City of Asylum/Pittsburgh Presents an Economic Dance Lesson
French director Pascal Rambert expresses the difficulties people with disabilities face every day.
photos by PIERRE GROSBOIS
What does a show that includes approximately 45 amateur performers — at least 15 of whom have some type of disability — four professional thespians, a choir and a philosopher look like?
Daily life, says the show’s director.
“A (micro)history of world economics, danced,” conceived by Pascal Rambert, will converge this month at City of Asylum/Pittsburgh for its 15th recreation — it’s been staged around the world since its 2010 premiere. The actors and actresses, those experienced and those not, will perform quotidian activities — such things as paying bills and washing dishes — while a choir sings and a philosopher ties everything together through spoken word during the 90-minute show.
“[It’s meant] to show that from ordinary we can make poetry,” Rambert says. “I believe in a mixed world. The City of Asylum is a reflection of this mixed world and its problems.”
City of Asylum became aware of Rambert when he produced “a (micro)history” in 2013 off-Broadway at La Mama Experimental Theatre Club — an organization it was familiar with because they're both Ford Foundation Diverse Art Spaces grantees. City of Asylum leaders felt the show would fit with their own mission. The organization’s aim since 2004 has been to harbor endangered writers from other nations so they can express themselves freely; it also strives to promote the idea of cross-cultural exchange between those writers and the surrounding community on the North Side and across the region.
“It was like, ‘Click!’” says City of Asylum/Pittsburgh Program Manager Silvia Duarte.
The show originated in Gennevilliers [pictured], a suburb of Paris where Rambert is the artistic director for Théâtre de Gennevilliers. For each run, the setting and focus may change, but economics always is the central theme. In Los Angeles, the performance took place in Pershing Square downtown, where homeless populations typically gather.

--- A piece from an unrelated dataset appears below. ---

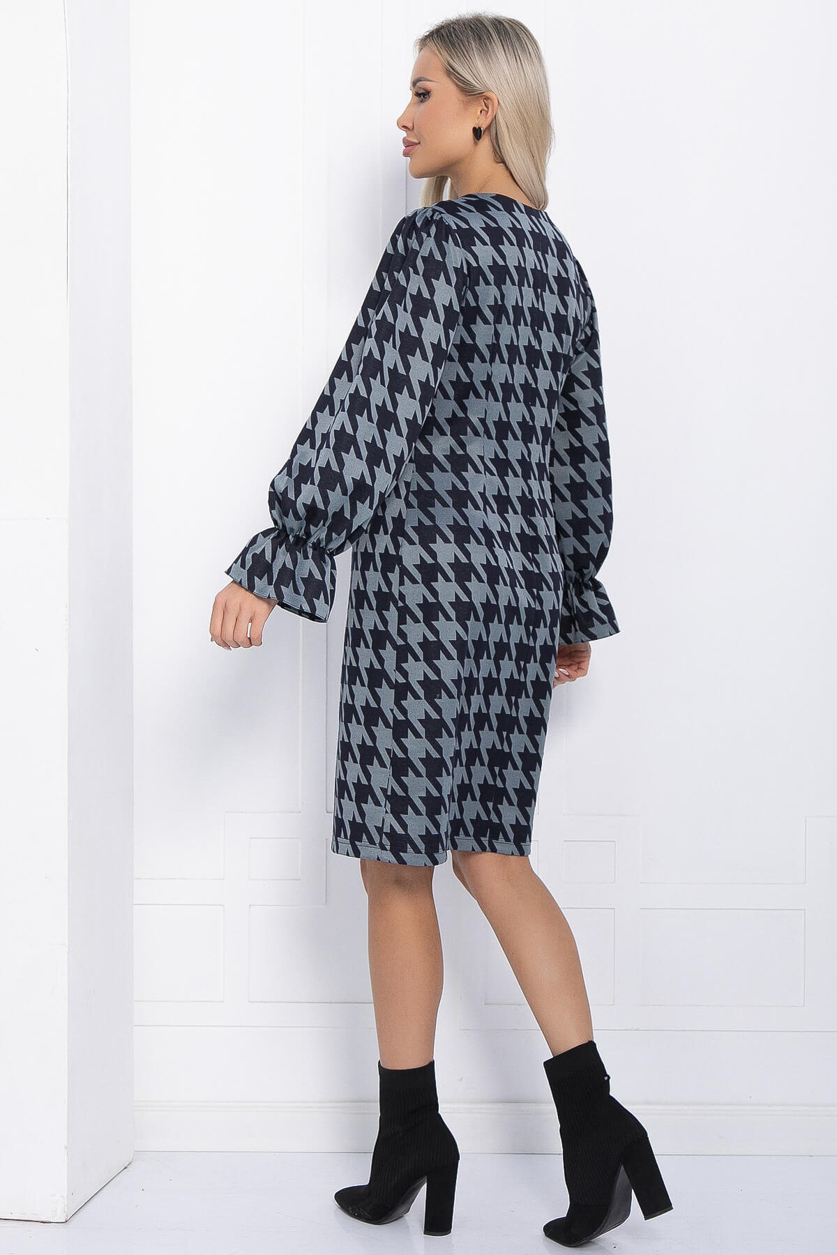 Трикотажное серо-синее платье с принтом «гусиная лапка» — это отличное решение для любого случая! Благодаря округлому вырезу горловины оно выглядит элегантно, а благодаря широким рукавам на резинке — непринуждённо и комфортно.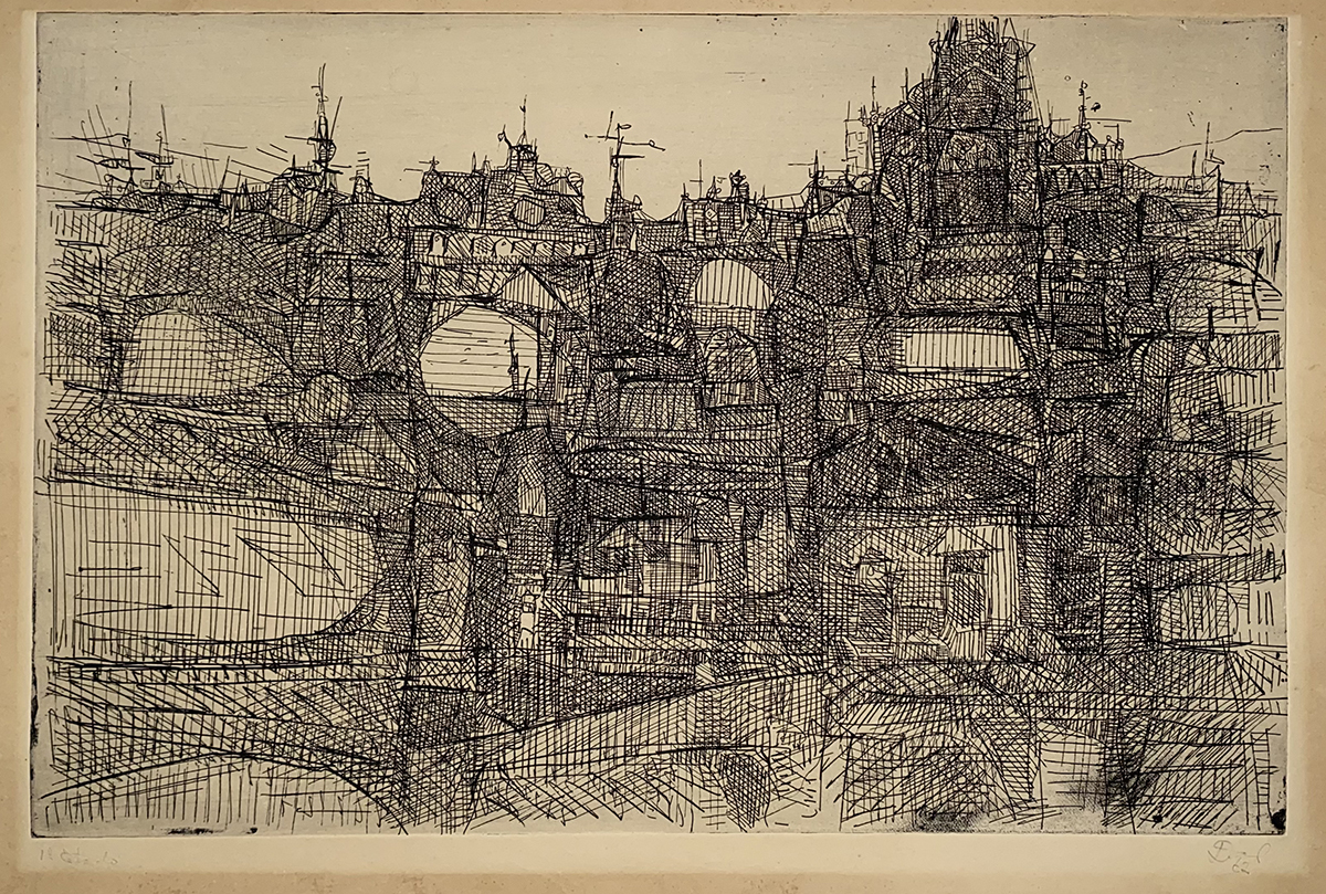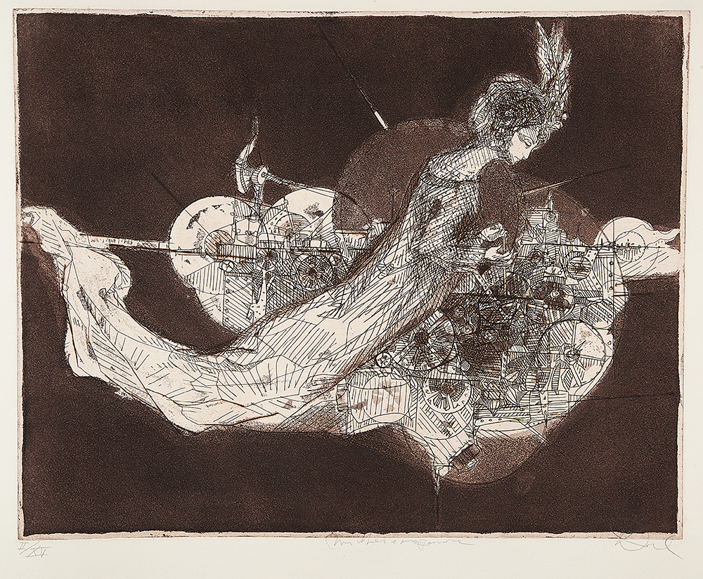 Utiliza variadas técnicas como desenhos, gravuras e pinturas, apresentando uma produção cujos principais temas são: as cidades imaginárias e os anjos e as máquinas.

In Cairo, Rambert selected a spot near Tahrir Square, where Egyptians took to the streets to protest — and ultimately overthrow — their government in recent years.
Rambert always allows local organizers to decide whom they’d like to focus on, and Duarte says City of Asylum’s feeling was: Why not choose a community whose voice is not always heard, especially in the arts?
“[Issues such as] employment, health care, transportation — they’re not easy for all of us, but when it comes to people with disabilities, it becomes really harder," she says.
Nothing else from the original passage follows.